L'étude de l'action de EcoRI, HindIII et PstI à l'aide du logiciel Anagène a permis d'établir que les enzymes de restriction sont des endonucléases qui catalysent une réaction conduisant à la coupure de la molécule d'ADN, au niveau d'une courte séquence qui diffère pour chacune d'entre-elles. La manipulation de modèles moléculaires (concernant ici EcoRI) permet de préciser le mode d'action de ces enzymes.

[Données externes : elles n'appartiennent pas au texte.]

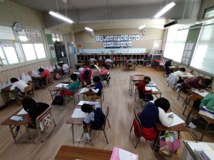 今日は「安全なくらしを守る」という単元のテストでした。みんな集中してテストに取り組んでいました。

Des modèles moléculaires à utiliser
Le fichier 1ERI permet d'étudier le complexe EcoRI-ADN. L'enzyme comprend 2 sous-unités identiques (276 ac.aminés chacune). Les 2 chaînes interviennent pour positionner le site de restriction (courte séquence de l'ADN ) dans le site actif de l'enzyme.
La configuration dimérique est donc indispensable pour qu'un complexe enyme-substrat énergétiquement favorable au déroulement de la réaction d'hydrolyse puisse se former. Cependant, chaque chaîne possède son site nucléasique, l'une étant responsable de la coupure au niveau d'un brin del'ADN, l'autre assurant la coupure décalée au niveau du brin complémentaire.

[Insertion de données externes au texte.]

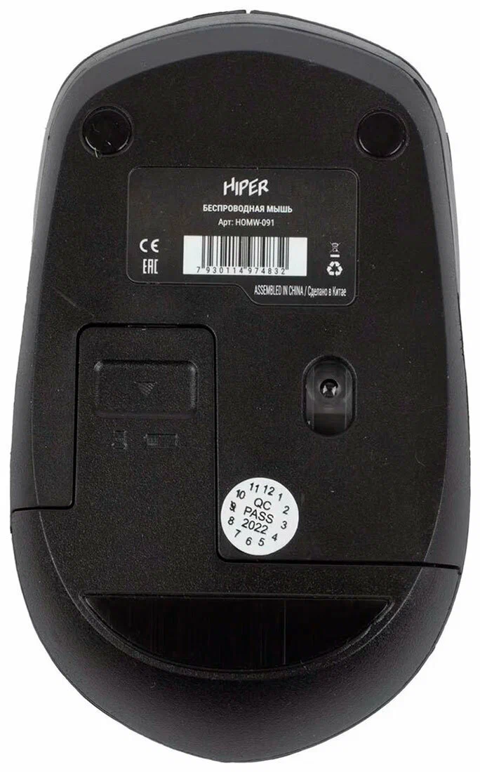 Мышь беспроводная HIPER HOMW-091 черный, 1600 dpi, радиоканал, USB, кнопки - 4 [HOMW-091]

Les modèles 1CKQ et 1QPS montrent une sous-unité de EcoRI associée à "son" brin d'ADN, l'un, avant l'hydrolyse, l'autre, après la coupure. La séquence nucléotidique reconnue par l'enzyme appparaît en rouge, la sphère violette sur l'image de droite est le cation Mn2+ qui remplace Mg2+, cofacteur nécessaire à l'action de EcoRI.
Le bilan de l'action de EcoRI
Il est possible, à partir du modèle 1ERI, de faire apparaître les fragments de restriction avec les extémités débordantes, cohésives: voir images. La réaction d'hydrolyse de la liaison phosphodiester catalysée par EcoRI peut également être schématisée.